The instructions (sorry bad pic, thank Samsung lol)










Then I laid out the included dry measuring cups, liquid measure, magnesium, and two part component A and B jugs


















So there you have it


----------



## Tristan (Aug 15, 2011)

Redddogg69 said:


> Don't say I didn't warn you, these pictures may lead to wallet depletion


Trust me this pico is already at wallet depletion levels lol...





































I cracked the tank in the photos...was a dark day at my house. The new one will be coming next week. I will be putting up a thread for it once I get the tank.

Since the tank is so over the top, I think I am going to try and keep higher end frags in there. Maybe...well see how much I can sell myself/my work for before I get down that path. Anyone need a Graphic Designer?


----------



## Tristan (Aug 15, 2011)

What is you experience with the salt? How do you like it? Any issues to report? Do the corals show signs of irritation when a water change is performed? 
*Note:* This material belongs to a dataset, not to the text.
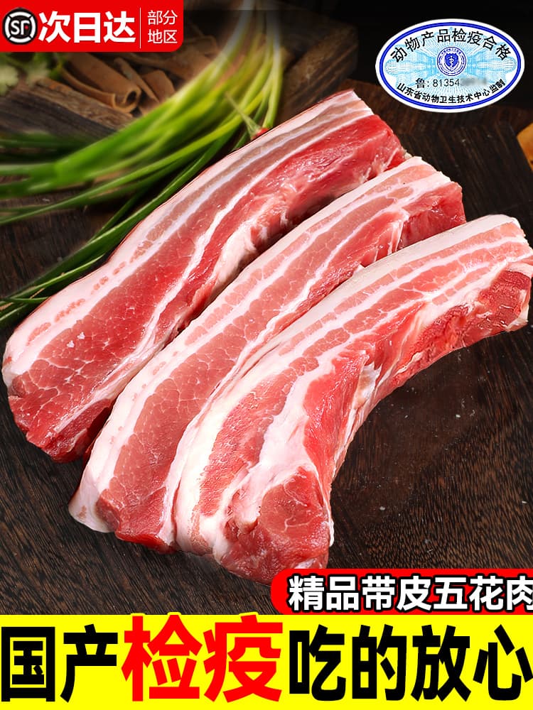 新鲜带皮五花肉-一级食材生鲜大块冷鲜肉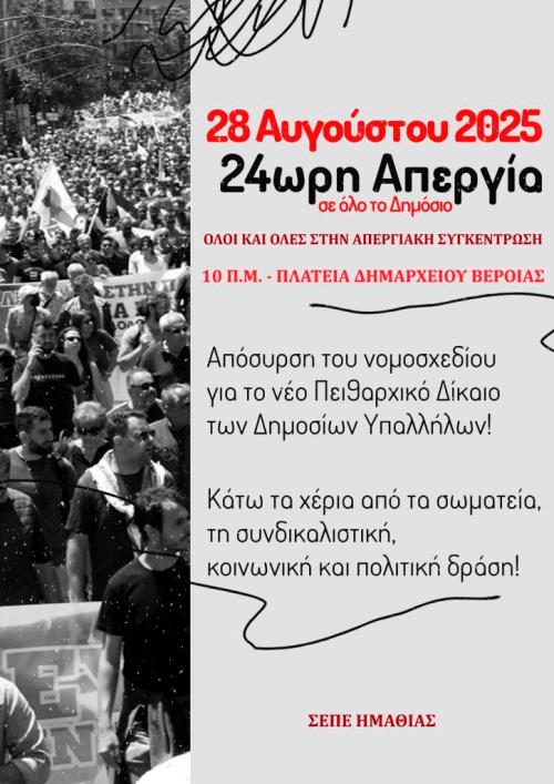 ΣΕΠΕ Ημαθίας: Κάλεσμα συμμετοχής στην απεργιακή συγκέντρωση / Πέμπτη 28 Αυγούστου, Πλατεία Δημαρχείου Βέροιας

I read a lot of people were having issues mixing it to a high enough salinity..


----------



## Redddogg69 (Oct 1, 2011)

No issues at all, mixes instantly (no aging the water), no need to dose any trace elements any more either levels stay stable between water changes. There are two ways to measure to make the mix, weight and volume. I suspect the people having trouble are mixing by volume, as the scoops leave a small margin for error ie. not exactly level or packed. I measure by weight with a kitchen scale, this is much more precise.


----------



## vaporize (Apr 10, 2006)

Redddogg69 said:


> No issues at all, mixes instantly (no aging the water), no need to dose any trace elements any more either levels stay stable between water changes. There are two ways to measure to make the mix, weight and volume. I suspect the people having trouble are mixing by volume, as the scoops leave a small margin for error ie. not exactly level or packed. I measure by weight with a kitchen scale, this is much more precise.


What kind of corals are you keeping? SPS dominant or ?


----------



## Redddogg69 (Oct 1, 2011)

vaporize said:


> What kind of corals are you keeping? SPS dominant or ?


Mixed reef, I would figure some dosing would be required with an SPS dominant tank.


----------



## Cintax (Jun 16, 2011)

Redddogg69 said:


> No issues at all, mixes instantly (no aging the water), no need to dose any trace elements any more either levels stay stable between water changes. There are two ways to measure to make the mix, weight and volume. I suspect the people having trouble are mixing by volume, as the scoops leave a small margin for error ie. not exactly level or packed. I measure by weight with a kitchen scale, this is much more precise.


I'd agree with this too. When I mix the sodium cloride by volume and compare it to a scale it's always off by a bit, but every other component is more accurate.


----------